When he was forced to abandon his attack on the Racial Discrimination Act he then turned on the Australian Human Rights Commission, secretly trying to force the resignation of Gillian Triggs for nothing more than doing her job.

It should be the attorney general who maintains Australia’s commitment to international law, and yet Brandis’s inept handling of Australia’s maritime boundary dispute with East Timor, in which Brandis authorised Asio officers to raid the offices of East Timor’s lawyer, landed Australia in the dock at the International Court of Justice. Australia’s global reputation as a nation that respects the rule of law, established through decades of responsible international citizenship, was dealt a serious blow.

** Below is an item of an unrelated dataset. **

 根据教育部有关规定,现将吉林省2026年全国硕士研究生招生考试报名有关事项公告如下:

It should be the attorney general who stands up for the courts and who defends the Australian legal system, even against his own colleagues in the executive government of the day.

Incredibly, this last week we have seen Senator Brandis not just complicit in a government attack on the legal system but actually leading the charge. In support of a floundering prime minister desperately in need of a distraction, the attorney general publicly denounced what he embarrassingly called “lawfare”.

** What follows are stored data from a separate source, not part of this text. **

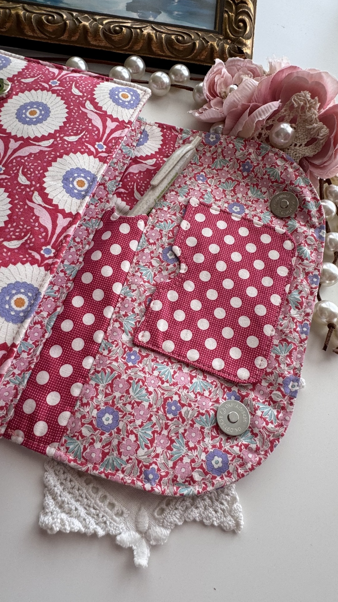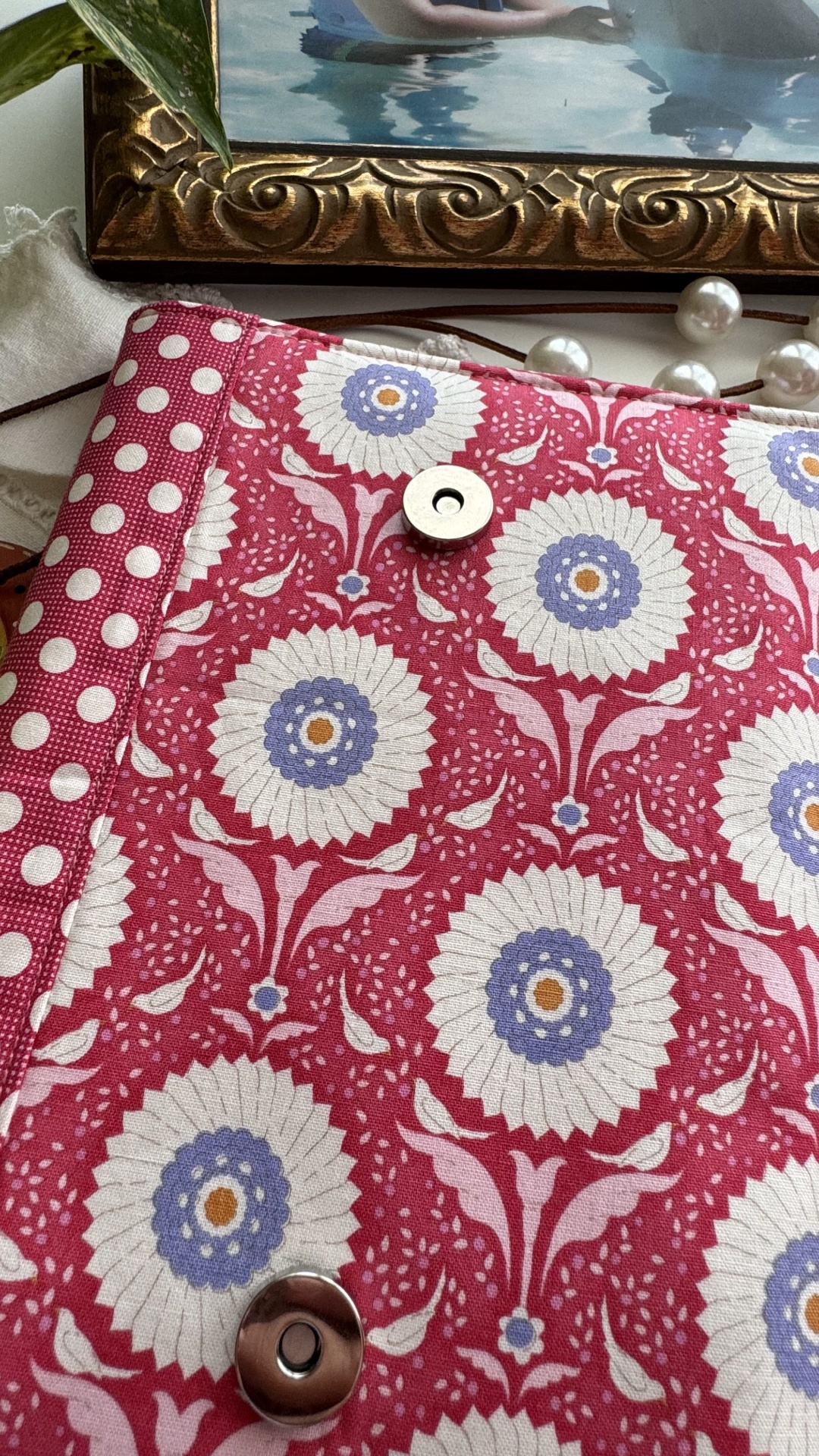 Capa de agenda A5 (com dimensão máxima de 21x15 e com lombada máxima de 2,5cm) com imensos bolsos interiores para cartões, folhas de apontamentos e recados; bolso para canetas e espaço para folhas soltas. Mola magnética para facilitar o fecho da agenda.
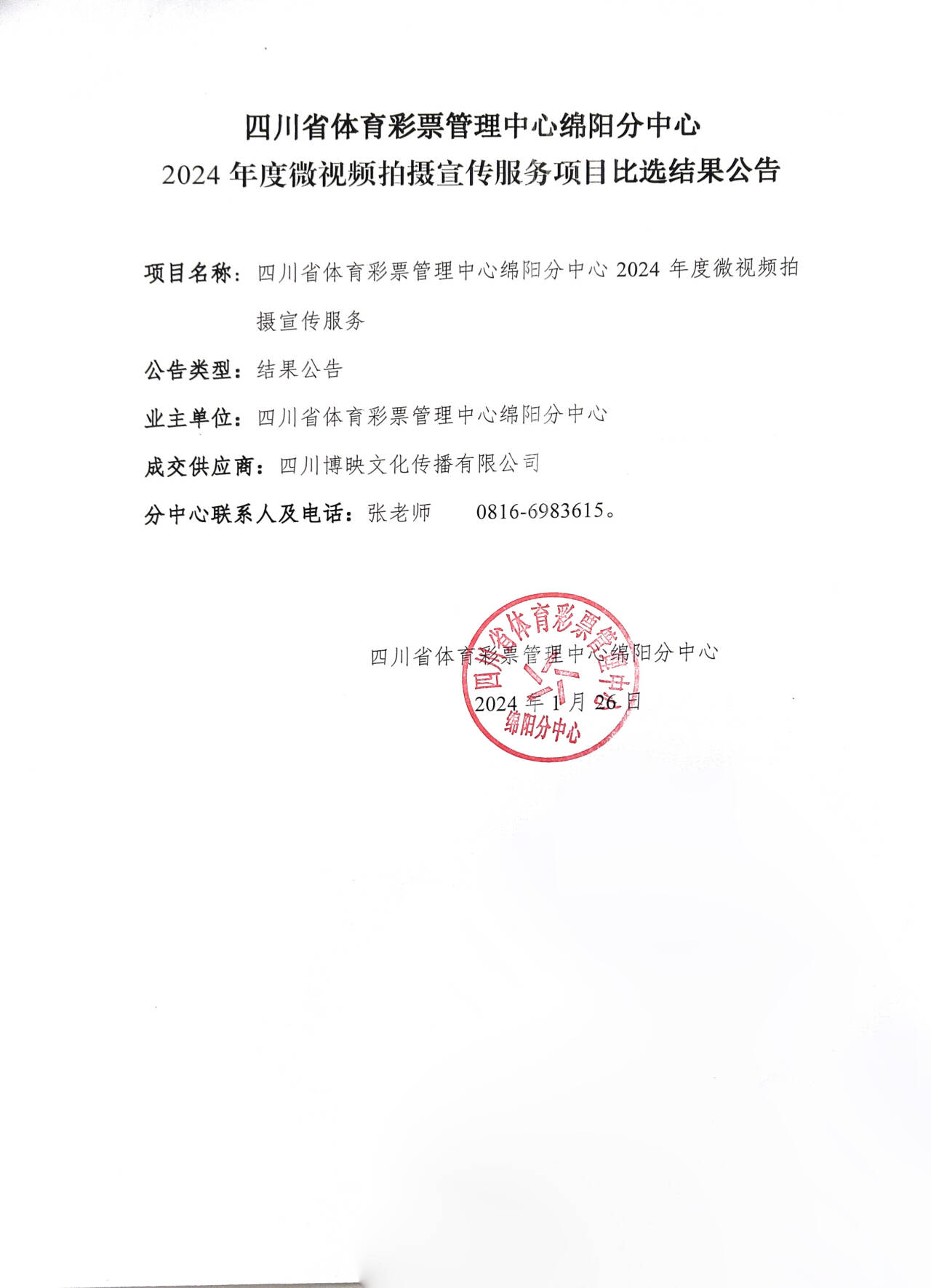 四川省體育彩票管理中心綿陽分中心2024年度微視頻拍攝宣傳服務(wù)項(xiàng)目比選結(jié)果公告
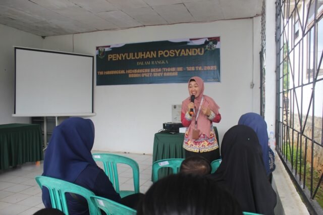 Way Kanan, Senin (20/10/2025) – Program TNI Manunggal Membangun Desa (TMMD) ke-126 Kodim 0427/Way Kanan terus menghadirkan kegiatan yang memberi dampak langsung bagi masyarakat. Kali ini, kegiatan nonfisik berupa penyuluhan Posyandu digelar di Kampung Sriwijaya, Kecamatan Umpu Semenguk, dengan menghadirkan narasumber dari Dinas Kesehatan Kabupaten Way Kanan, Ibu Hary Widyati, SKM., MPH.
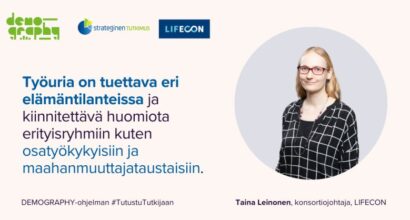 #TutustuTutkijaan: johtava tutkija Taina Leinonen, Työterveyslaitos, LIFECON-hankkeen konsortiojohtaja Taina on väestötieteeseen erikoistunut sosiaalitieteilijä. Hän tutkii työkyvyttömyyttä, terveyttä ja työmarkkinoille osallistumista...

The “radical activism” which so incensed Brandis was nothing more than orders of the federal court, something which any federal attorney general ought to treat with respect.

With the attorney general and the rest of the government descending into histrionics, the federal court was forced to take the extraordinary step of making a public statement on its own behalf.

That statement calmly explained that its orders, which related to the Adani Carmichael mining project, “were made by consent, that is, with the agreement of the parties to the litigation”.

As the court explained, the minister for the environment, Greg Hunt, accepted that the government had failed to abide by the Environment Protection and Biodiversity Conservation Act and had actually asked the court to set aside his decision approving the project.

The EPBC Act was passed by those infamous environmental extremists in the Howard government more than 15 years ago, and it served Australia well through the entire resources boom, during which thousands of projects proceeded under its auspices.

Yet Brandis now condemns a community group who have dared to ask that the Australian government comply with the laws of our nation, absurdly condemning that group as “vigilante litigants” – an oxymoronic designation if ever there was one.

As Brandis well knows, it is for the court to determine the merits of claims brought before it, not for the government of the day. It is for the court to decide whether its processes are being abused and whether claims are frivolous or vexatious.

Instead of counselling his cabinet colleagues on the importance of lawful decision-making, as an attorney general should, Brandis has introduced a bill to try and put government decisions on environmental matters beyond challenge by the community.

This bill should alarm anyone who cares about the rule of law in Australia. The government is trying to silence the voice of the community on environmental matters. It is stripping Australians of the right to challenge government decisions which might have profound environmental consequences, including impacts on our food security, the tourism industry, and the health and quality of life of those living in regional Australia.

Ignore the hysterical rhetoric of the Abbott government. If passed into law, this bill will extinguish the rights of local communities and ordinary Australians who care about our environment and who want to make sure that we properly safeguard it for the generations who follow us. If passed, it would take away the rights of farmers, graziers and agribusinesses whose lands and water supplies are often threatened by the impacts of major projects.

This is a lawless and opportunistic government, and its attempt to silence the voices of Australian citizens should be seen for what it is. Under Abbott, the federal Coalition parties are following the example of their former colleagues in Campbell Newman’s Queensland government, whose contempt for the rights of citizens and for the rule of law helped turn the people of Queensland against them in just one disastrous term.

Abbott and his attorney general should learn something from the fate of the Newman government and immediately abandon their attack on the rights of Australians and the rule of law.